Der autoritätsfromme Hinweis auf den einzigen „Experten“ (ausser Schulze?) ist eher kontraproduktiv, denn Thiel lässt sich nicht bluffen. Im Gegensatz zu Frau Muscionico weiss er nämlich, was für ein «Experte» das sein soll, mit dem sie da auftrumpfen will.

Th: Ja, Widmer war bis dahin einer der wenigen Orientalisten, die man in den Medien zu Wort kommen liess. Er ist eine schreibende Nebelpetarde. Was er betreibt, ist nicht Wissenschaft, sondern Lobbying für ölreiche Scheichtümer. Er dementiert in seiner Verhunzung meiner Korankritik auch keinen einzigen Punkt. Er verharmlost bloss Mohammeds Verbrechen.
Des Propheten Kinderschändung? So etwas sei damals halt normal gewesen. Polygamie? Mohammed verehrte halt die Frauen. Allahs Sonderregelungen in Sure 33, die es dem Propheten erlaubte, sich mehr Frauen zu nehmen, als seinen Untertanen? Geschickte Stammespolitik. Die Eroberung der gesamten Arabischen Halbinsel? Lauter Verteidigungskriege. Die Überfälle auf Handelsoasen mit den Massakern an jüdischen Handelsstämmen? Das war damals eben üblich.

Soviele Fakten aus der bestbekannten Profetenbiographie, Belege aus dem Koran, die sie mit nichts widerlegen kann – sie hat keine Ahnung vom Thema – , und soviel Freiheit und Fähigkeit des Urteilens ist zuviel für die autoritätshörige Mentalität. Sie ahnt gar nicht, wie windig es um die angebliche Autorität und Kompetenz dieses Islamlobbyisten (H.P. Raddatz nennt diesen Typen  die «Auftragswissenschaftler») bestellt ist, und fällt voll auf das Apologetengewäsch des Profetenschwärmers rein, den Thiel als Vasall der Öl-Scheichtümer etwas besser einschätzen kann, den sie ihm aber hartnäckig weiterhin als Autoritätsperson vorsetzen will, da sie weder mit der Abwesenheit von Meinungsfreiheit und Menschenrechten unter dem Islam vertraut ist, noch mit Islamkritik und Dissidenz. Siehe Kommentar zu Widmer: https://widerworte.wordpress.com/2010/05/30/der-gigant-und-sein-adorant/

    Muscionico: Sie kennen den Koran also besser als die Orientalisten?

Der Satz ist ein wahrer Offenbarungseid. Auch «die Orientalisten», die Frau Muscionico ebenfalls nicht kennt, sowenig wie den Koran, geschweige Korankritik, sind eine Autorität für sie, sofern sie im Sinne der Islamlobby wirken.

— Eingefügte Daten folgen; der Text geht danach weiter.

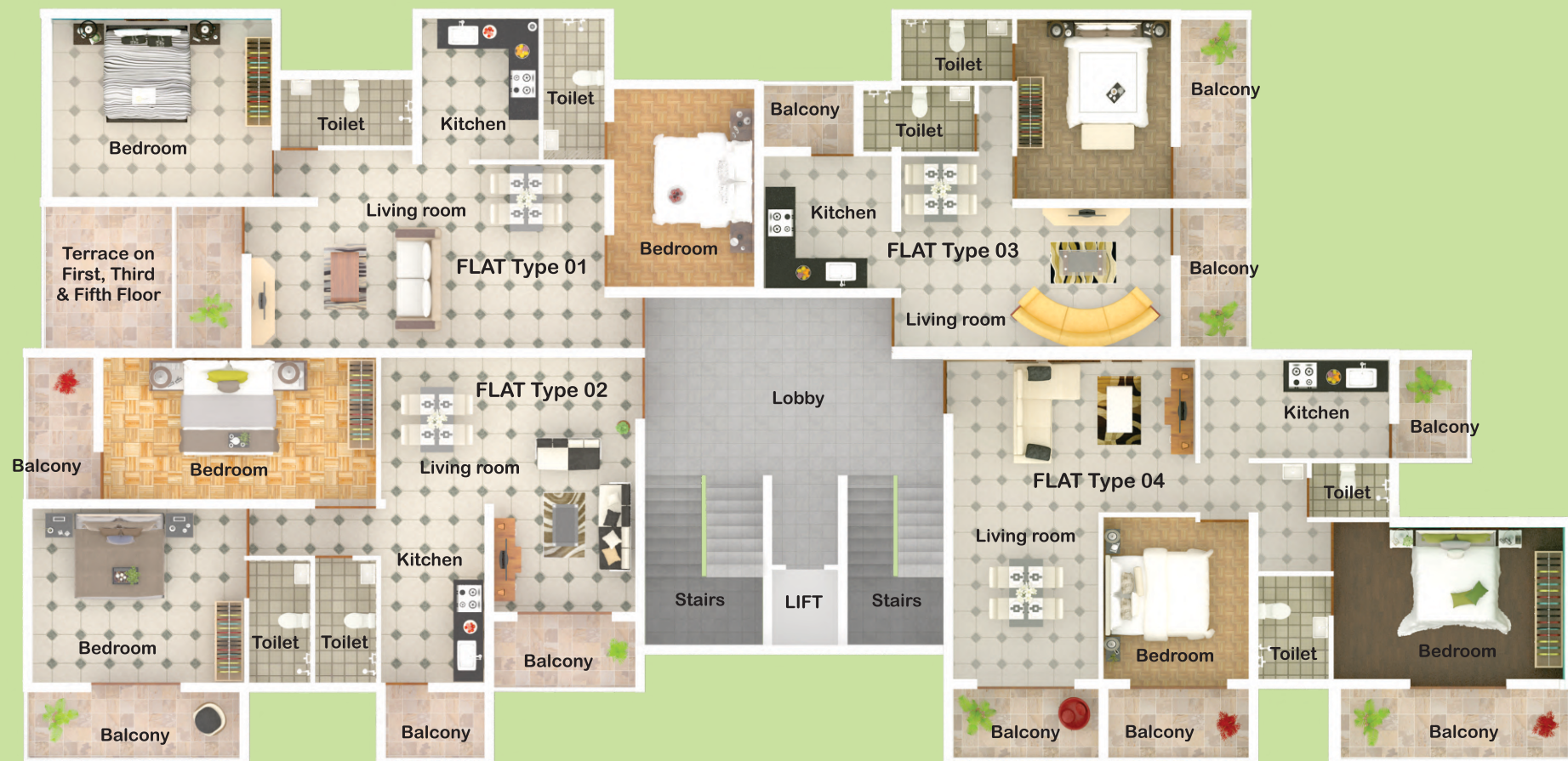
TYPICAL FIRST, SECOND, THIRD, FOURTH, FIFTH & SIXTH FLOOR
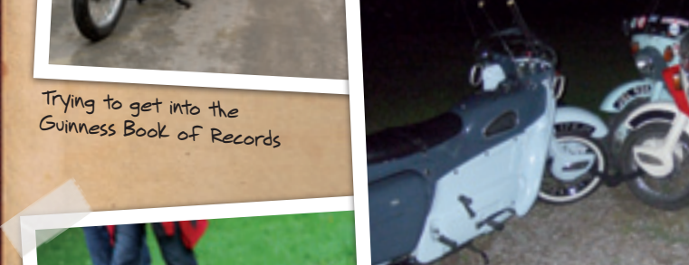
Nice to see these at an overseas rally

Andere kennt sie erst recht nicht. Kritische  Orientalisten wie Tilman Nagel sind ihr unbekannt.  Weshalb sie einen Islamschwärmer wie diesen wie  Widmer für einen zuständigen Orientalisten hält, den sie  Thiel wie einem Schulbub entgegenhält. Thiel kontert die Engstirnigkeit, die ihn in die Enge treiben möchte, souverän und entlarvend:

Thiel: Ihrer Suggestivfrage entnehme ich, dass Sie den Koran ebenfalls nicht gelesen haben. Die Orientalisten, die Mohammeds Blutdurst nicht als vernachlässigbare Nebenwirkung seiner Prophetie betrachten, sondern darin nüchtern die Kriegstreiberei eines Gewaltherrschers erkennen, kamen nicht zu Wort oder schwiegen, weil sie keine Lust auf Morddrohungen hatten. Nicht einmal modernen Muslimen, die ebenfalls vor der Gewaltverherrlichung im Koran warnen, räumte man Platz in den Zeitungsspalten ein. Deshalb habe ich eine Bresche in dieses Rede- und Denkverbot geschlagen, das rund um den Islam aufgebaut wurde.

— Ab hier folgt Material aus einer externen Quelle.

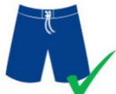
Board shorts or swim trunks

Swimwear for females must sufficiently cover breasts, genitals and butt. Swimwear for males must sufficiently cover genitals and butt. See additional coverings approved over acceptable swimwear below:
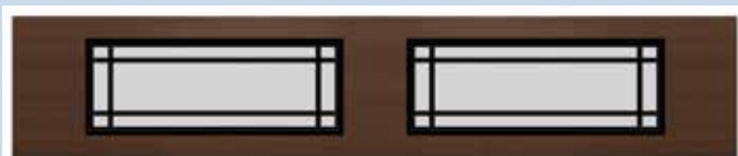
Regal Wide Black Muntin Bars
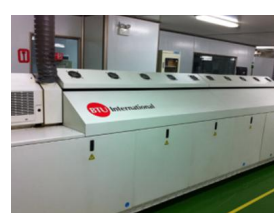
10 Temperature Zone LF Reflow Furnace
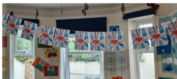
Little Dragon's bunting
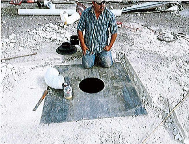
Attach New Tubing for Roof Drains (1 of 5)
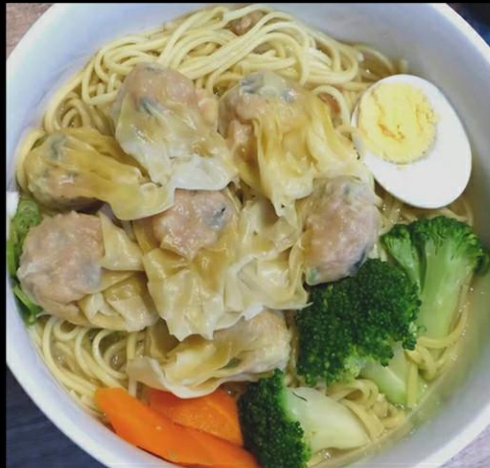
P3 WangTan 1a with soup 3,6 ( pork shrimp and veg.) 15.50€ base food choice: egg noodles 1a,3,6 /rice noodles 3,6
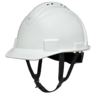
Chin Strap NSB100CS
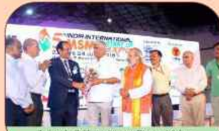
Sh. Gajendra Shekhawat, Minister of Tourism & Culture & Sh. Jai Bhagwan Goyal
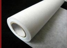
Water Soluble Paper
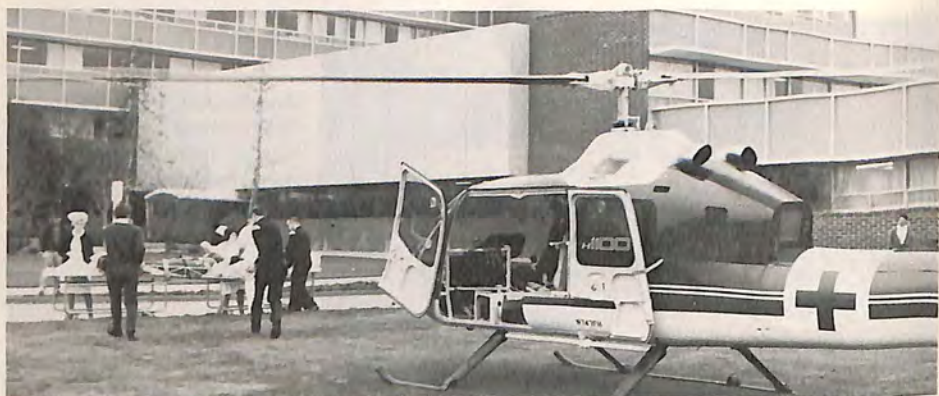
In an emergency, the hospital lawn becomes an "instant" heliport.

Frau Muscionici, eine NZZ-Paradefigur, die das Denkverbot repräsentiert, um das es geht, überbietet ihre brävlichen Fragen noch mit dem Einfall, dass die Mittel der Satire und nicht die der Zensur das Ärgernis sind.  

M: Der gute Zweck soll also die schlechten Mittel heilen? Das hat nicht geklappt.

Mal abgesehen davon, dass die Beurteilung der Mittel der Thielschen Satire nicht gerade zu ihren Kernkompetenzen gehören  (sie beantwortet satirisch geschliffene Demaskierung des Mobbermobs mit scheinmoralischen Ermahnungen), liegt die Kunst und das Können des Satirikers in seinen Mitteln, worin sonst.

Na ja, ich wurde zwar medial gelyncht. Selbst diese Zeitung beteiligte sich an der Rufmordkampagne und unterstellte mir von Fanatismus bis Fremdenfeindlichkeit alles, was es braucht, um jemanden zum Schweigen zu bringen. Aber das Tabu war gebrochen. Die Diskussion über den Koran war entfacht. Und spätestens nach «Charlie Hebdo» und den folgenden Anschlägen begann man auch auf Ihrer Redaktion den Tatsachen ins Auge zu sehen, was das Gewaltpotenzial des Islams betrifft. In der NZZ erscheinen zurzeit bis zu drei korankritische Artikel wöchentlich, im Tages-Anzeiger wenigstens einer monatlich. Das wäre vor zwei Jahren undenkbar gewesen.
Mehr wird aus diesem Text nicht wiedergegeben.